***** Records for the task

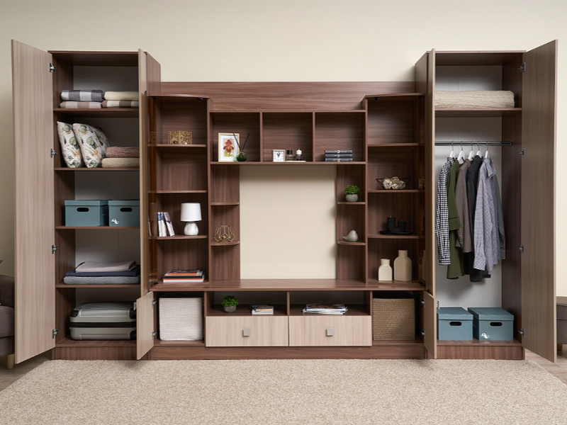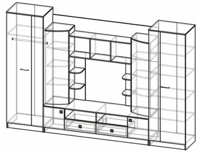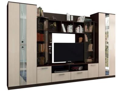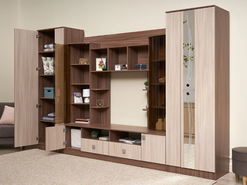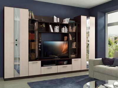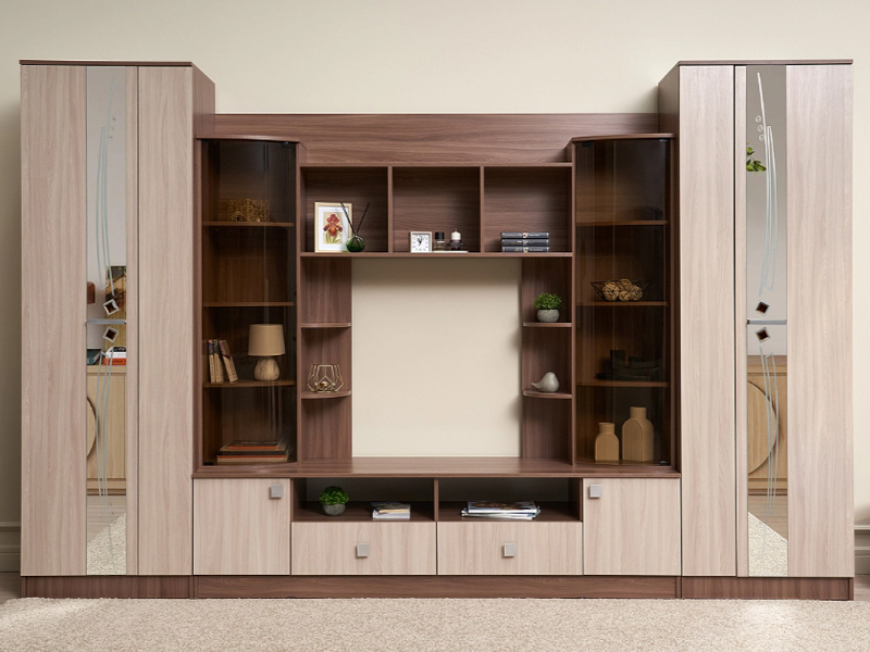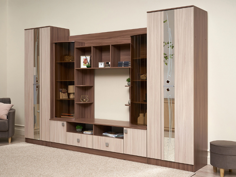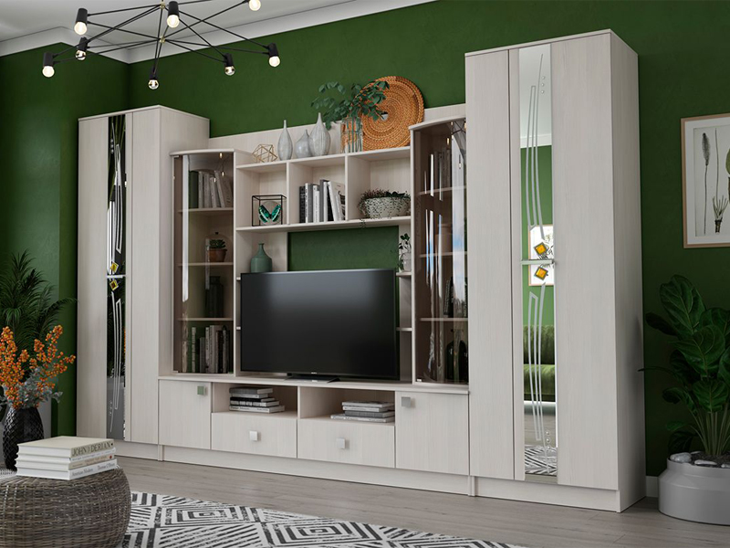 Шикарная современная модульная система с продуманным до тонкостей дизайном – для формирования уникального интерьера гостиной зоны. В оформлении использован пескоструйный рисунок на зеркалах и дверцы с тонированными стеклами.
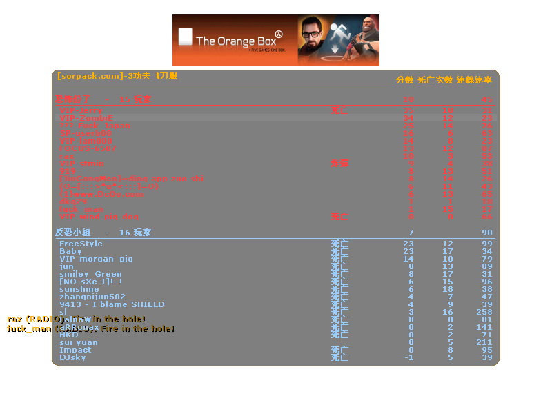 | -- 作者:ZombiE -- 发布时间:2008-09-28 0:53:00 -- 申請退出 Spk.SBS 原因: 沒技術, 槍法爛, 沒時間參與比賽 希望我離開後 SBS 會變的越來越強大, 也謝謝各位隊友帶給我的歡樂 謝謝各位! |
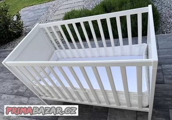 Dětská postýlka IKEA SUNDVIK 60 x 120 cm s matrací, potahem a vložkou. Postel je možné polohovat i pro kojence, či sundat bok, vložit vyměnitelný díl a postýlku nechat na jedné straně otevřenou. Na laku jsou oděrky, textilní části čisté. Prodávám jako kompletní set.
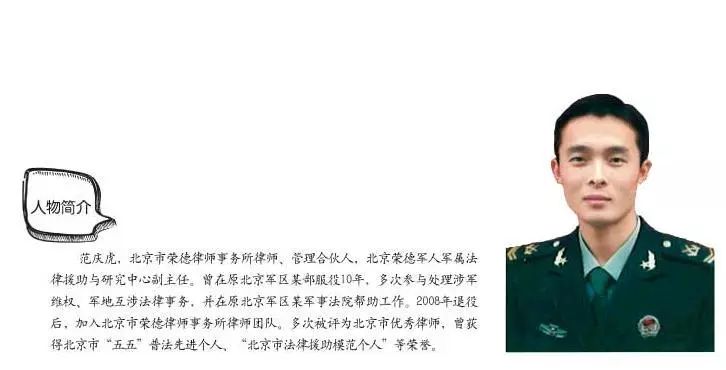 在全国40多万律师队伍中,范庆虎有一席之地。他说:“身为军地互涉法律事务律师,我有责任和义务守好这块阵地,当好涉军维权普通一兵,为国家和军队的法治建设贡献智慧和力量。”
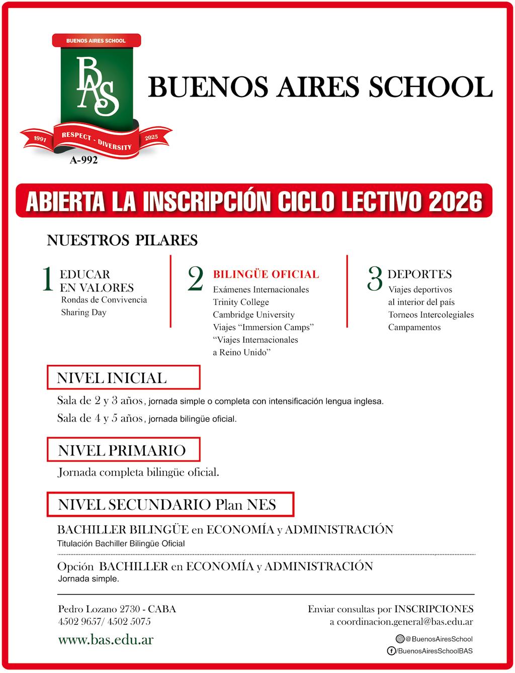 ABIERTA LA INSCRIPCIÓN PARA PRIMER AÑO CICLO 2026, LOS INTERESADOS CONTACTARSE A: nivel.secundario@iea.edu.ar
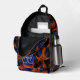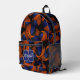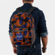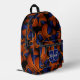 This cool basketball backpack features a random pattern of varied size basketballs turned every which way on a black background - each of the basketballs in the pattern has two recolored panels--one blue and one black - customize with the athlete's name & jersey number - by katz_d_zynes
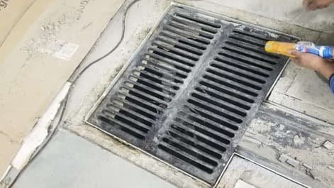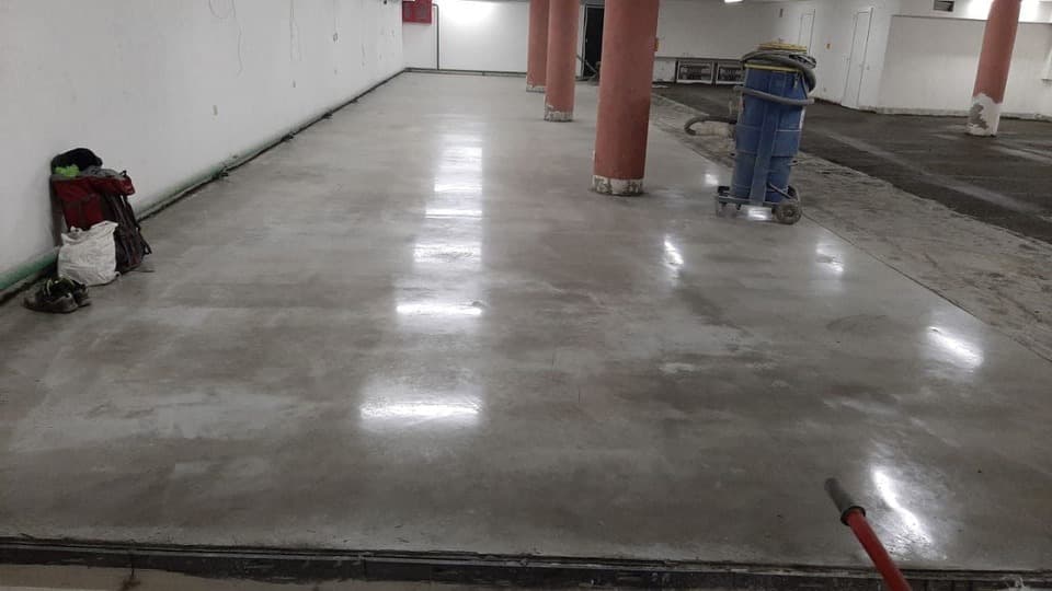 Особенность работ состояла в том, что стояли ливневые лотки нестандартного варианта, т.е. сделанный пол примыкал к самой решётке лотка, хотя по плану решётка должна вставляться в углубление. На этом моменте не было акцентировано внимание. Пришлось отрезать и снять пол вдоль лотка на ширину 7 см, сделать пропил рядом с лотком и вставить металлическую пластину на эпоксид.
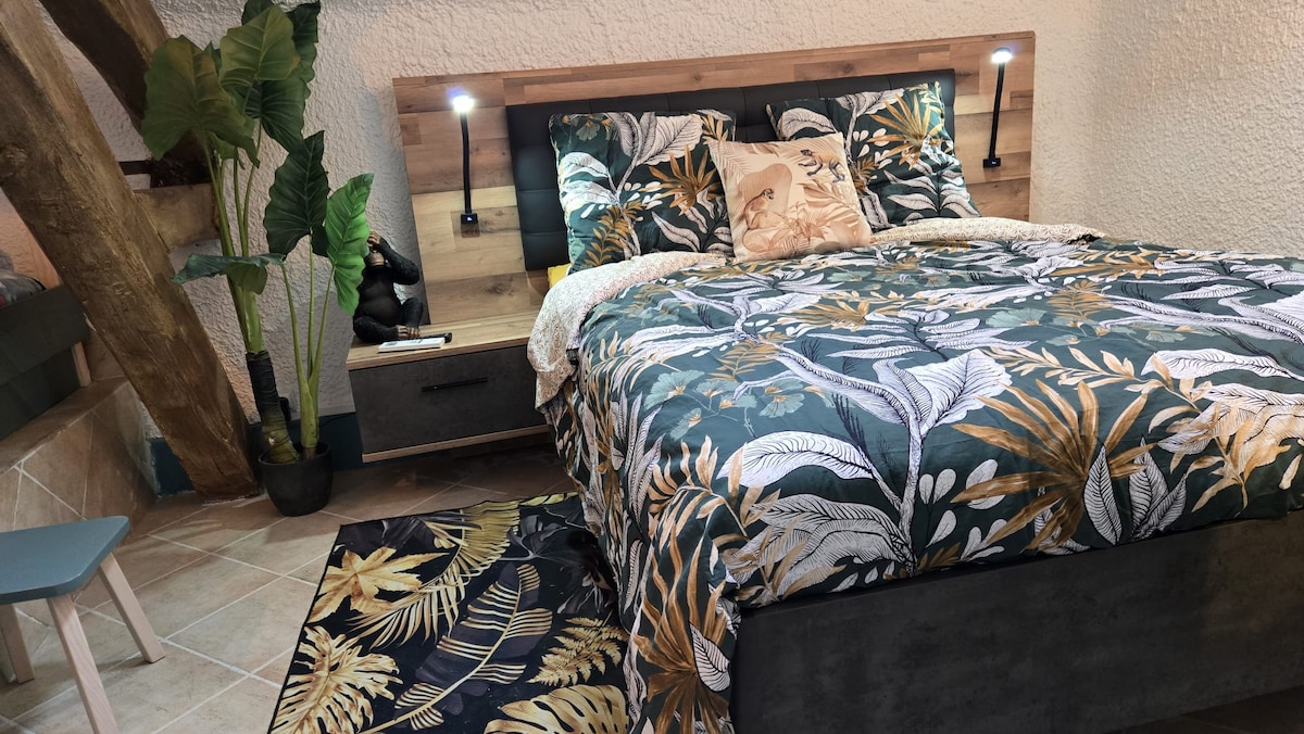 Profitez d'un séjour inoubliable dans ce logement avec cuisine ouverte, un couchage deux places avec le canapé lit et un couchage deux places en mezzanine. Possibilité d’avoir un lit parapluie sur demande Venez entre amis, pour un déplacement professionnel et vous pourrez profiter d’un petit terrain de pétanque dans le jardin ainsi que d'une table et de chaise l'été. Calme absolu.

**********

- **Try it**
Go from the first line of the data above to the line containing "This cool basketball" and retype exactly those lines, both included, but none of the pictures.

- **Task solution**
 Шикарная современная модульная система с продуманным до тонкостей дизайном – для формирования уникального интерьера гостиной зоны. В оформлении использован пескоструйный рисунок на зеркалах и дверцы с тонированными стеклами.
 | -- 作者:ZombiE -- 发布时间:2008-09-28 0:53:00 -- 申請退出 Spk.SBS 原因: 沒技術, 槍法爛, 沒時間參與比賽 希望我離開後 SBS 會變的越來越強大, 也謝謝各位隊友帶給我的歡樂 謝謝各位! |
 Dětská postýlka IKEA SUNDVIK 60 x 120 cm s matrací, potahem a vložkou. Postel je možné polohovat i pro kojence, či sundat bok, vložit vyměnitelný díl a postýlku nechat na jedné straně otevřenou. Na laku jsou oděrky, textilní části čisté. Prodávám jako kompletní set.
 在全国40多万律师队伍中,范庆虎有一席之地。他说:“身为军地互涉法律事务律师,我有责任和义务守好这块阵地,当好涉军维权普通一兵,为国家和军队的法治建设贡献智慧和力量。”
 ABIERTA LA INSCRIPCIÓN PARA PRIMER AÑO CICLO 2026, LOS INTERESADOS CONTACTARSE A: nivel.secundario@iea.edu.ar
 This cool basketball backpack features a random pattern of varied size basketballs turned every which way on a black background - each of the basketballs in the pattern has two recolored panels--one blue and one black - customize with the athlete's name & jersey number - by katz_d_zynes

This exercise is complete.